• 06 Jan 2025
• Admin
• News Article

ANI Pharmaceuticals Introduces US FDA Approved Prucalopride Tablets

ANI Pharmaceuticals, Inc., a diversified biopharmaceutical company, announced that following final approval from the US Food and Drug Administration (FDA) for its Abbreviated New Drug Application (ANDA), the company has launched prucalopride tablets. ANI’s prucalopride tablets is the generic version of the reference listed drug (RLD) Motegrity.

"We are delighted to build momentum early in 2025 with the approval of the first generic for Motegrity, once again highlighting our superior R&D capabilities. The FDA has granted our prucalopride tablets a competitive generic therapy (CGT) designation, with 180-day exclusivity. ANI continues to hold the second-highest number of CGT approvals in the US generics market,” stated Nikhil Lalwani, president and chief executive officer of ANI.
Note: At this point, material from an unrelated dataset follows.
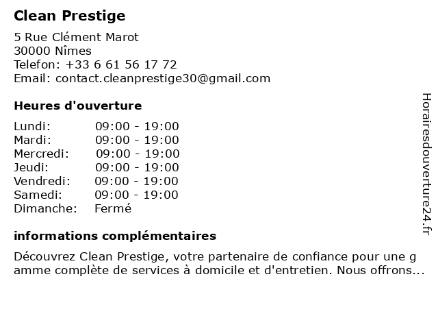 5 Immo Clean Gard (Distance: 6,18 km) 195 rue Guy Arnaud, 30900 Nimes clean, entretien, gard, hygiène, immo, ménage, nettoyage, propreté, services 6 Prestige Courtage (Distance: 6,62 km) 100 route de Nîmes, 30132 Caissargues assurances, courtage, courtier, particuliers, prestige, professionnels |
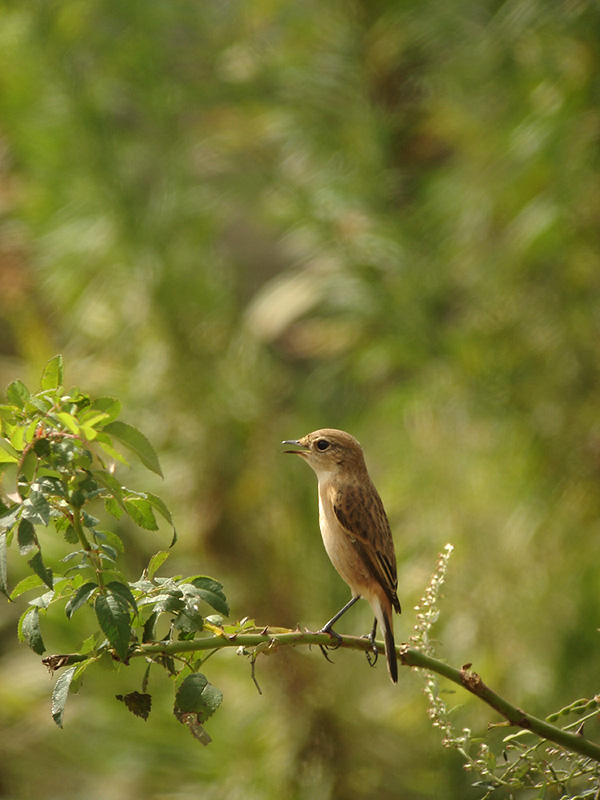 続いて離れたノバラにとまった褐色の小鳥は・・・ノビタキです。

US annual sales for prucalopride tablets total approximately $168.0 million, based on October 2024 moving annual total (MAT) IQVIA data.

ANI Pharmaceuticals, Inc. is a diversified biopharmaceutical company committed to its mission of “Serving Patients, Improving Lives"" by developing, manufacturing, and commercializing innovative and high-quality therapeutics. The company is focused on delivering sustainable growth through its rare disease business, which markets novel products in the areas of ophthalmology, rheumatology, nephrology, neurology, and pulmonology; its generics business, which leverages R&D expertise, operational excellence, and US-based manufacturing; and its established brands business.